For decades, our country has been looted, pillaged, raped and plundered by nations near and far, both friend and foe alike.
Donald Trump on tariffs, April 2025
What Products Might Become Cheaper?
According to the International Trade Centre, the EU’s biggest trade surpluses with the U.S. are in vehicles (€44 billion), luxury goods like clothing and leather (€90 billion), and drinks (€8 billion). Ships and boats add another €5.4 billion.
If American buyers turn away, these goods could remain in Europe. This could mean price cuts on Italian cheese, French wine, German cars, and even medicines.
Car manufacturers may be hit hardest. They already face a 25% U.S. import tax, and a new 20% surcharge would make many European models too expensive for the American market. More cars staying in Europe could lead to discounts and promotions at local dealerships.
Early Signs: Lower Energy Prices and a Stronger Euro
Energy imports, not goods, are the main cause of inflation in the EU. In 2024, Europe imported over €700 billion worth of oil, gas, and refined fuels, resulting in a trade deficit of €346 billion.
Surprisingly, energy prices have dropped since Trump’s tariff announcement.
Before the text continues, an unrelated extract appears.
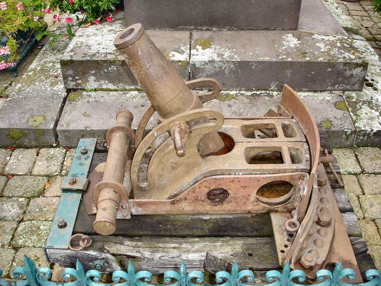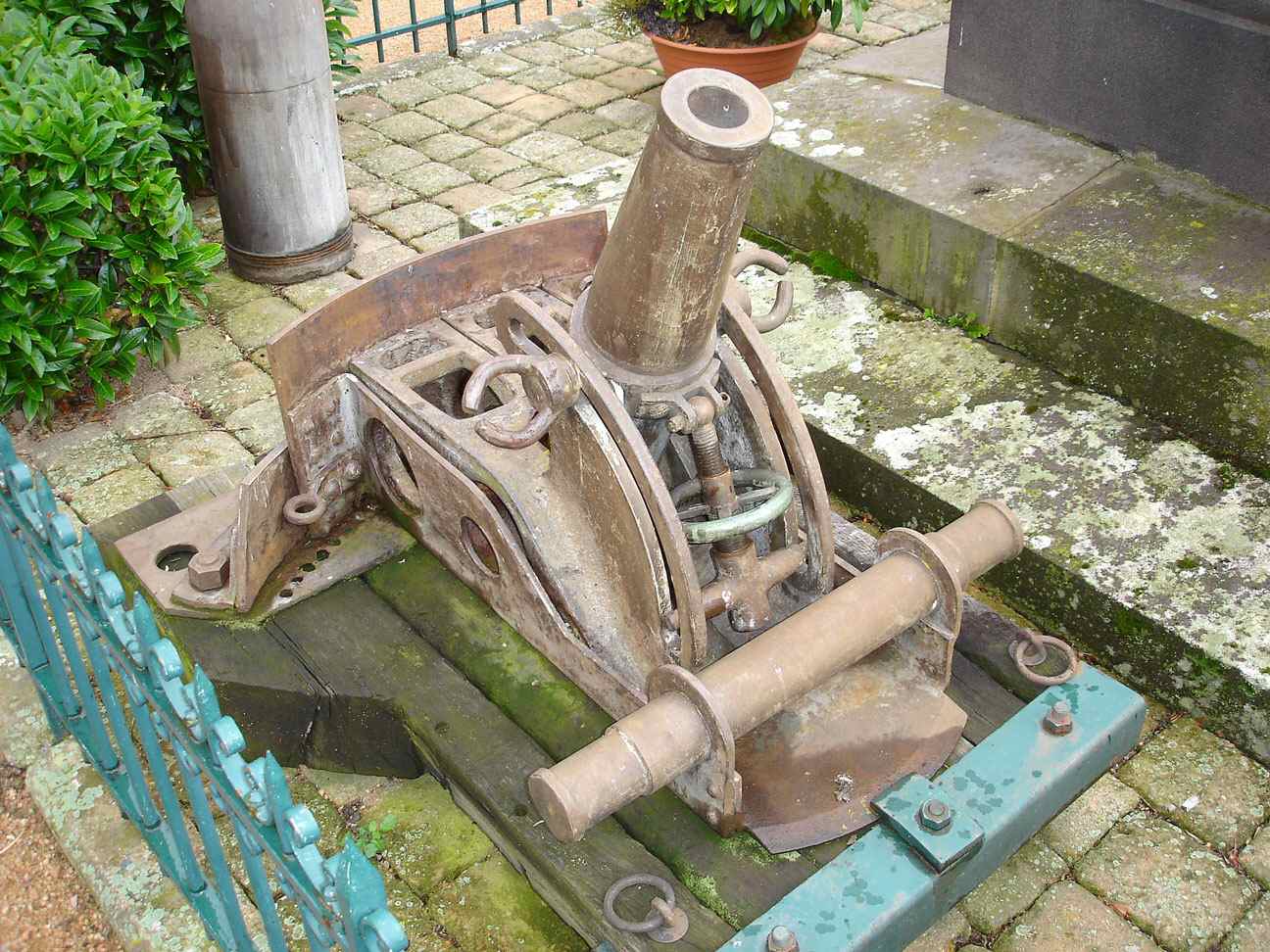 Nice survivor, still monted on its wooden platform. Interesting view on the horizontal aiming system with the sliding curved plates and preset holes

Oil prices fell more than 3% on Thursday, and Dutch TTF gas prices - Europe’s key benchmark - dropped by 2%. This suggests that markets expect slower global trade to reduce energy demand.
The euro also gained more than 1.5% to reach $1.10, its highest level in six months. That reduces the cost of imported goods, at least for now.
While global trade tensions may harm some sectors, many European consumers could soon benefit from lower prices on goods once meant for export. If the trend continues, shopping in Europe may actually become a little more affordable. Much of it will also depend on how long Trump wants to uphold the tariffs or if he simply uses them as a bargaining chip in order to get a “better deal”.